Only the pictures are to be left out; return the rest of the data exactly as it stands.

# INPUT DATA
************
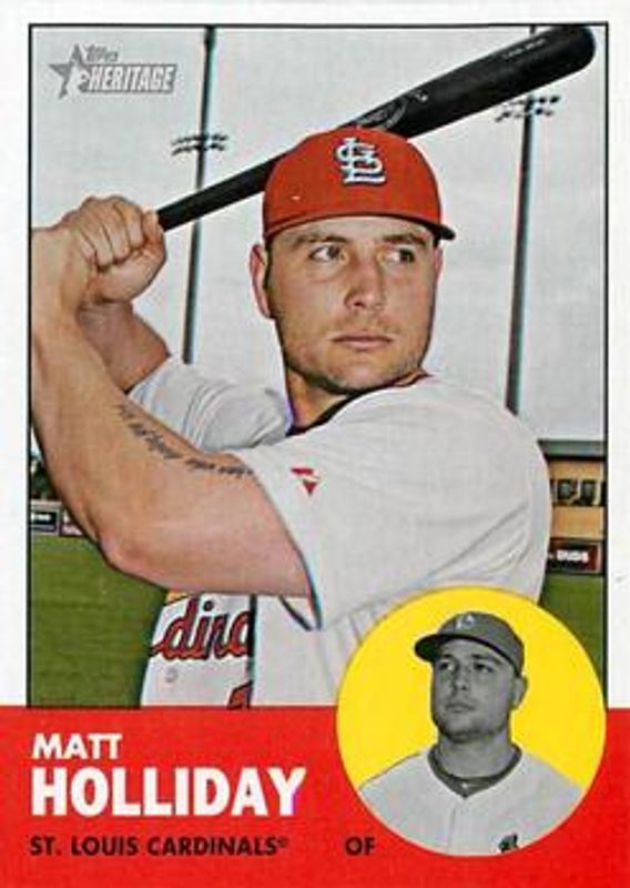 The Matt Holliday 2012 Topps Heritage #190 Base card is 1 of 9 Matt Holliday's card variations in the 2012 Topps Heritage set being tracked by Sports Card Investor, including Black, Target Red Border, Chrome /1963, Chrome Refractor /563, and Chrome Black Refractor /63.
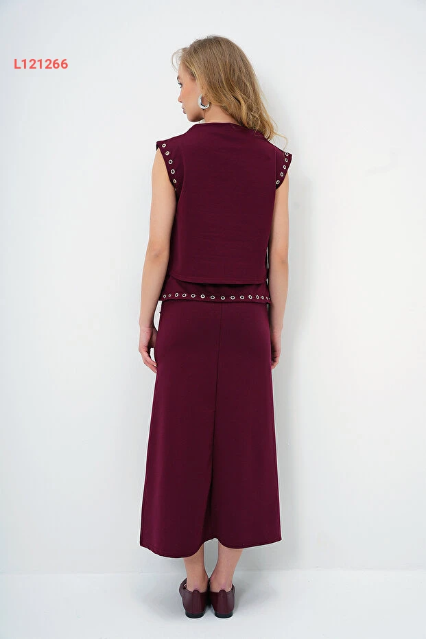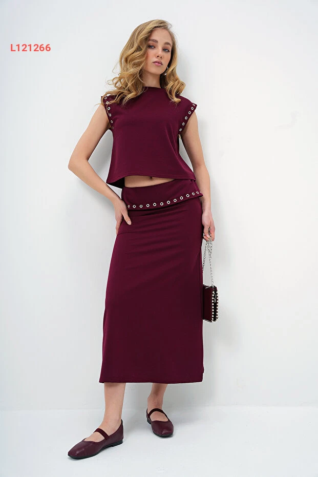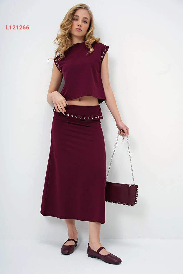 بلوزة تنورة بتصميم Alaçatı الأنيق باللون bordo مع ياقة مرفوعة
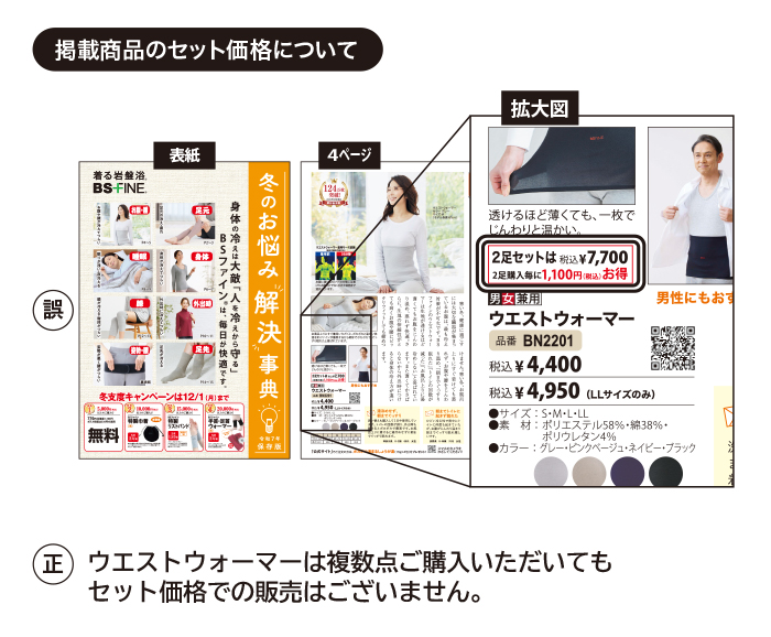 平素より“着る岩盤浴®”BSファイン®をご愛用いただきまして、ありがとうございます。 この度、一部お客様にお送りしております、冬のお悩み解決辞典カタログに、誤表記がございました。皆様にはご迷惑をおかけしましたことを、深くお詫び申し上げます。今後は、一層の社内確認を徹底し、再発防止に努めてまいります。 今後とも変わらぬご愛顧を賜りますよう、心よりお願い申し上げます。
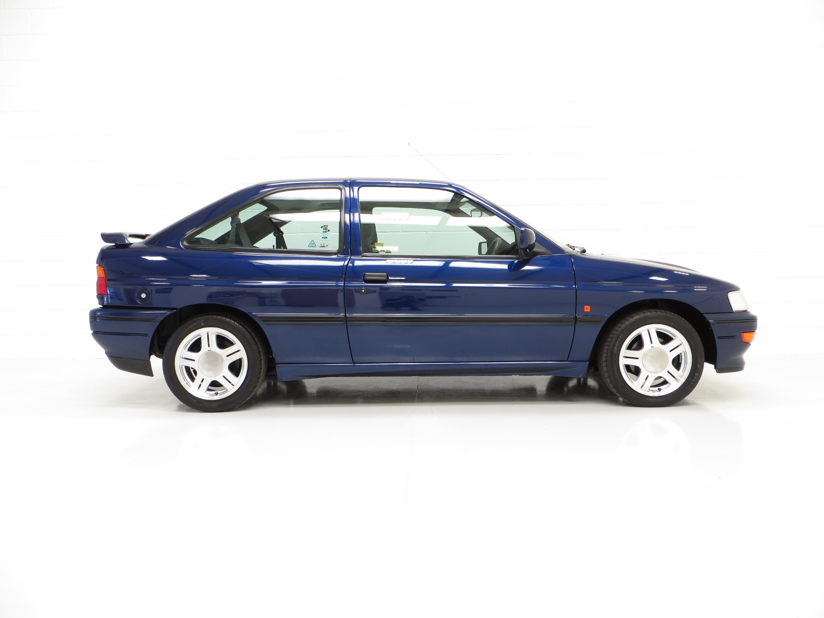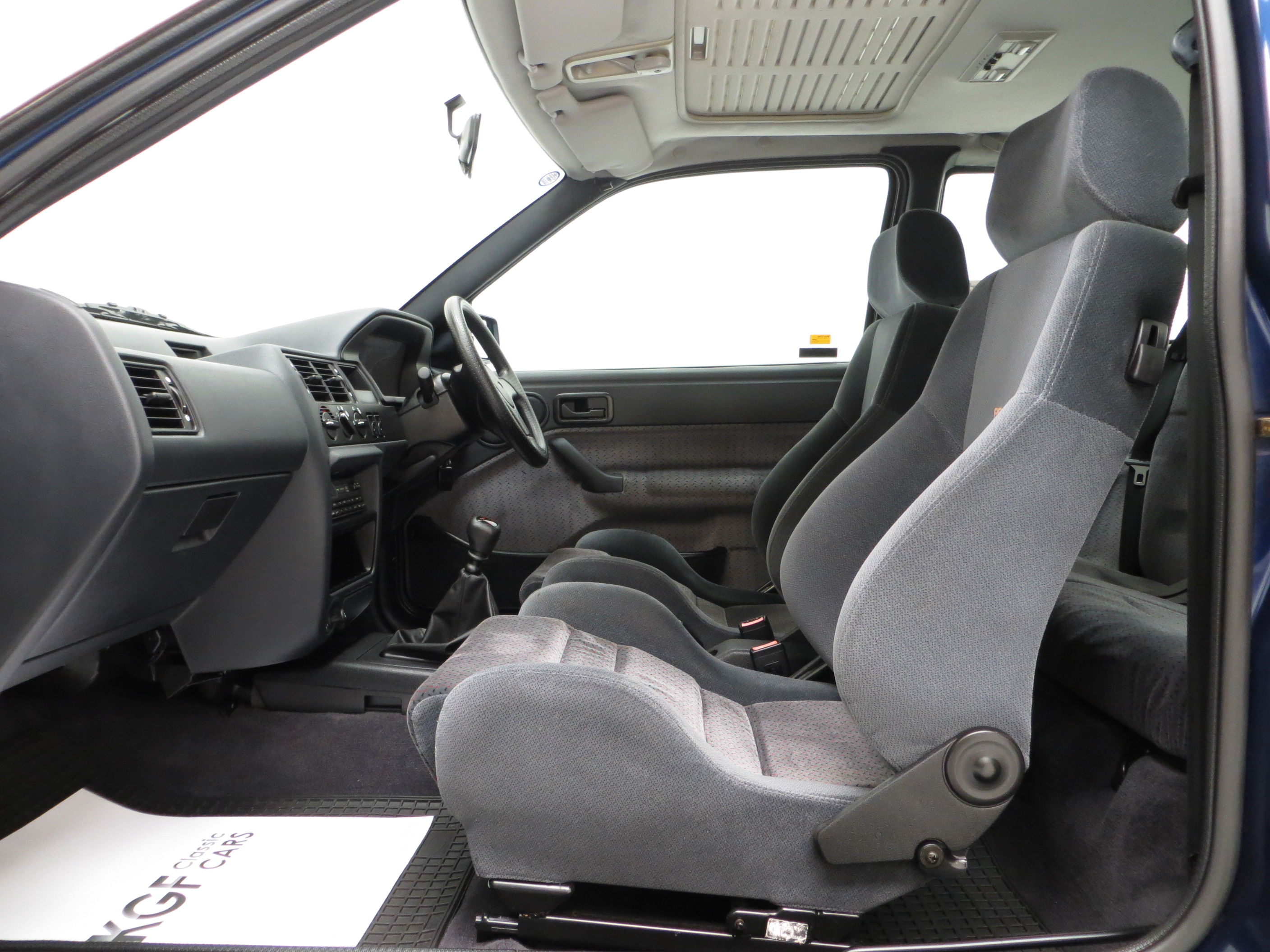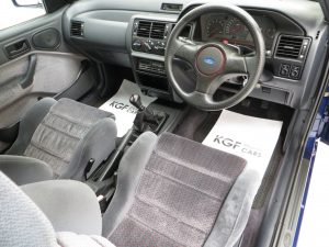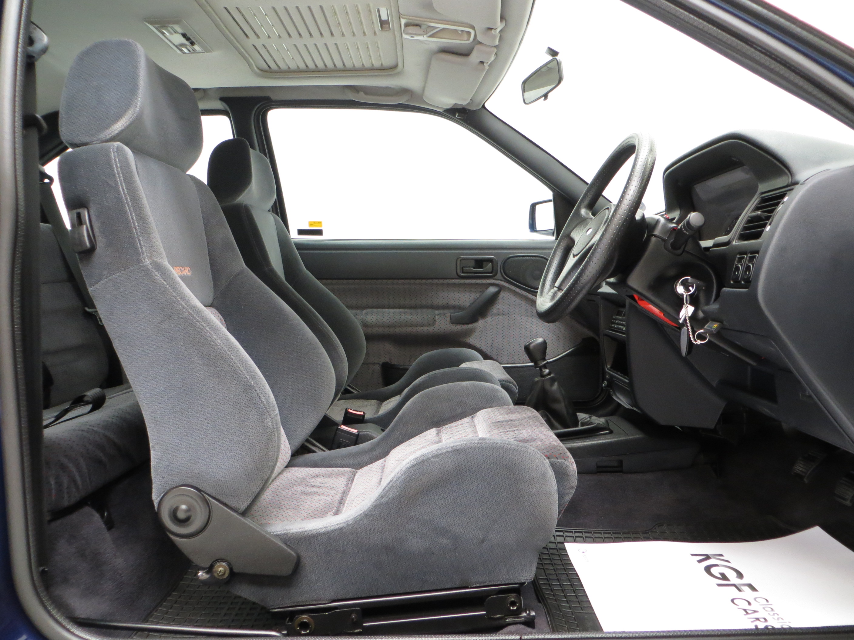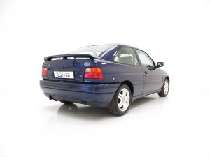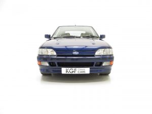 This original example is finished in optional metallic Pacifica Blue, (Code J2), which gleams thanks to indoor heated storage and very low miles. The understated looks were Fords intentions to keep away from the Boy Racer image but bonnet power bulges, revised front grille and bumper, colour coded side skirts and rear spoiler soon inform the knowledgeable. The coveted Rallye Sport badging along with all other trim is immaculate. Minor stone chips to the bonnet and a very slight roof mark prove originality and will not disappoint the perfection seeking owner. Supplying Ford dealer number plates remain fitted along with period window stickers. All apertures are spotlessly clean and the underside still displays Ford PDI colour dabs including those on the coil springs. A totally original, unspoilt and preserved example, very difficult to better.
************
# SOLVED PROBLEM
 The Matt Holliday 2012 Topps Heritage #190 Base card is 1 of 9 Matt Holliday's card variations in the 2012 Topps Heritage set being tracked by Sports Card Investor, including Black, Target Red Border, Chrome /1963, Chrome Refractor /563, and Chrome Black Refractor /63.
 بلوزة تنورة بتصميم Alaçatı الأنيق باللون bordo مع ياقة مرفوعة
 平素より“着る岩盤浴®”BSファイン®をご愛用いただきまして、ありがとうございます。 この度、一部お客様にお送りしております、冬のお悩み解決辞典カタログに、誤表記がございました。皆様にはご迷惑をおかけしましたことを、深くお詫び申し上げます。今後は、一層の社内確認を徹底し、再発防止に努めてまいります。 今後とも変わらぬご愛顧を賜りますよう、心よりお願い申し上げます。
 This original example is finished in optional metallic Pacifica Blue, (Code J2), which gleams thanks to indoor heated storage and very low miles. The understated looks were Fords intentions to keep away from the Boy Racer image but bonnet power bulges, revised front grille and bumper, colour coded side skirts and rear spoiler soon inform the knowledgeable. The coveted Rallye Sport badging along with all other trim is immaculate. Minor stone chips to the bonnet and a very slight roof mark prove originality and will not disappoint the perfection seeking owner. Supplying Ford dealer number plates remain fitted along with period window stickers. All apertures are spotlessly clean and the underside still displays Ford PDI colour dabs including those on the coil springs. A totally original, unspoilt and preserved example, very difficult to better.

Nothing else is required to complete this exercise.